Künftig sollen Krankenhäuser und Arztpraxen verpflichtet werden, das Einsetzen und das Explantieren von Implantaten an das Register zu melden. Das gilt auch für die gesetzlichen und privaten Krankenkassen und die Patienten selbst, aber nicht für Sachverständige. „Unklar ist noch, wie mit Revisionen bei verbleibendem Implantat und versagenden Implantaten, die nicht entfernt werden können, umgegangen wird“, erklärt Haindl. Hersteller von Medizinprodukten sollen nach dem neuen Implantateregister verpflichtet werden, ihre Produkte in der Produktdatenbank des Registers registrieren zu lassen. Kommt es zu Meldeverstößen durch ein Krankenhaus oder einen ambulant tätigen Operateur, oder verwenden sie ein nicht registriertes Implantat, soll der Eingriff nicht vergütet werden. Geplant ist weiter, dass alle Daten beim Deutschen Institut für Medizinische Dokumentation und Information (DIMDI) gesammelt werden, welche dann im Weiteren über das Robert Koch-Institut pseudonymisiert werden (personenbezogene Daten).
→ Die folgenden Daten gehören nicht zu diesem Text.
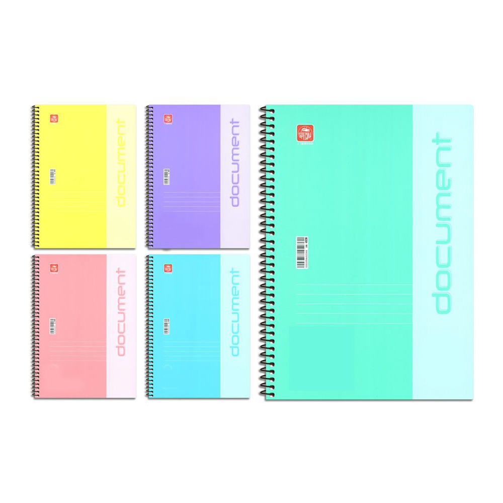 Document τετράδιο σπιράλ 2 θεμάτων B5 (17×25). Με εξώφυλλο πλαστικοποιημένο 350 γρ. και με σκληρό οπισθόφυλλο για να μπορείς να γράφεις σταθερά. Τα φύλλα είναι από εξαιρετικής ποιότητας χαρτί 70γρ. και η γραμμογράφηση είναι ριγέ. Είναι 2 θεμάτων, με διαχωριστικό για μεγαλύτερη ευκολία. Διατίθεται σε 5 παστέλ χρώματα (ροζ, κίτρινο, μέντα, μωβ, γαλάζιο). Η συσκευασία είναι ανάμεικτων χρωμάτων σε πακέτο των 10τεμ.
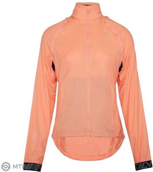 Női szélálló kabát Windbreaker anyagból, kis zsebbe csomagolható. Az ujjak kigombolásával mellényé válik, a kapucni gallérba hajtható. Három cipzáras zsebbel, alsó szegéllyel és reflexekkel rendelkezik.
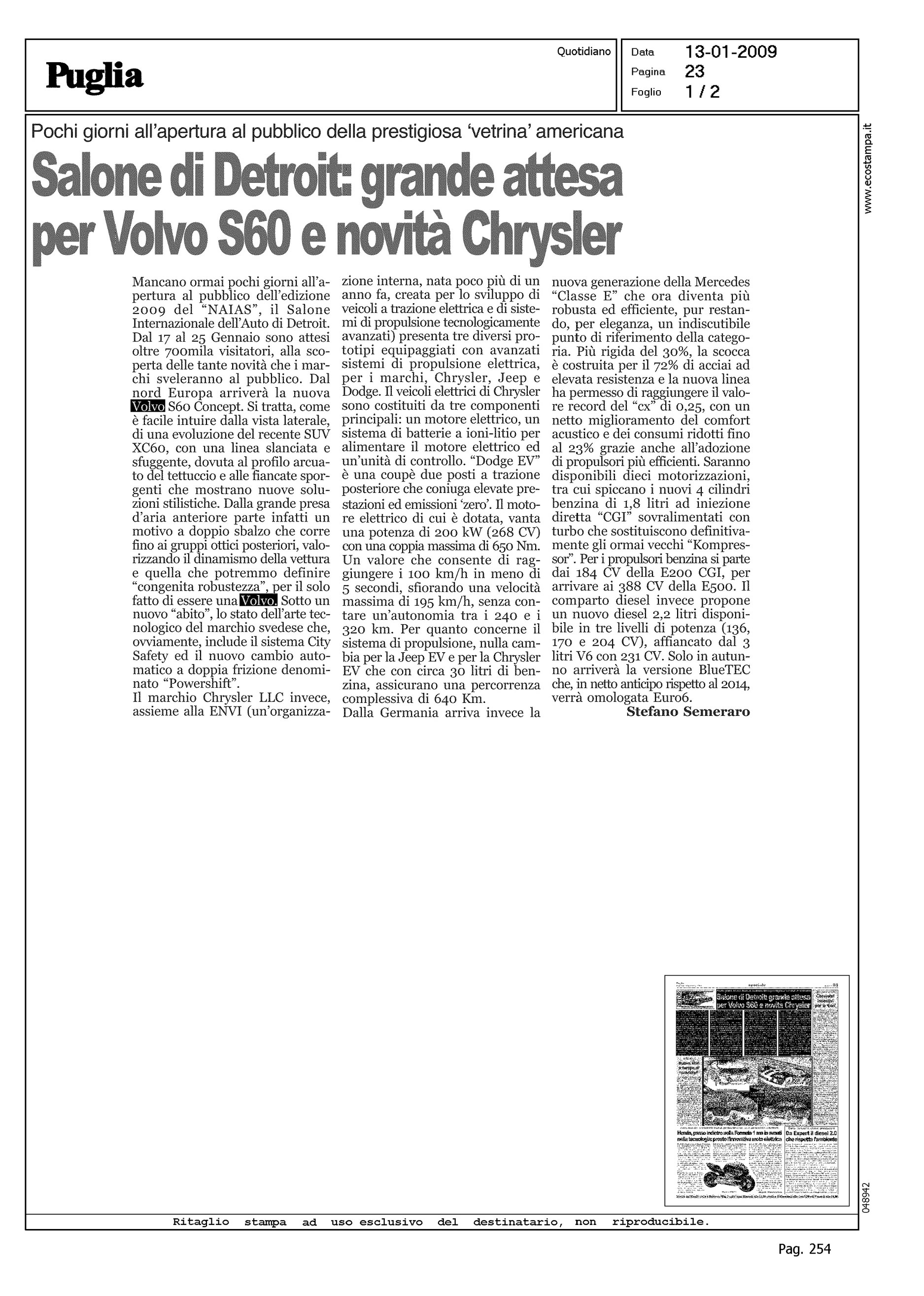 Author: SEMERARO, STEFANOLine: S60 Model: Linea S60 Concept Subject: - Title: SALONE DI DETROIT: GRANDE ATTESA PER VOLVO S60 E NOVITA' CHRYSLERHighlight:

Nach Meinung des Sachverständigen Haindl nutzt es nichts, die großen Datenmengen einfach „nur zu sammeln“. „Zur Datenauswertung braucht man nach meiner Meinung unbedingt das Fachwissen der jeweiligen medizinischen Fachgesellschaften“, betont Haindl. In der Einführung des Implantateregisters sieht Haindl auch ein geeignetes Kontrollinstrument für die Medizinproduktehersteller. „Die zentrale Auswertung und Transparenz werden Auswirkungen auf den Markt und die Produktentwicklung haben und könnten die Qualität der Medizinprodukte verbessern. In den USA zum Beispiel sind alle Zwischenfallmeldungen eines Herstellers einsehbar und nachzuvollziehen. Das ist in Deutschland leider nicht möglich. Die große Chance des Registers liegt in der wissenschaftlichen Auswertung, dem frühzeitigen Erkennen von problembehafteten Implantaten und der damit verbundenen besseren Patientensicherheit. Das ist schon ein großer Schritt nach vorne“, so das Fazit des Fachmannes.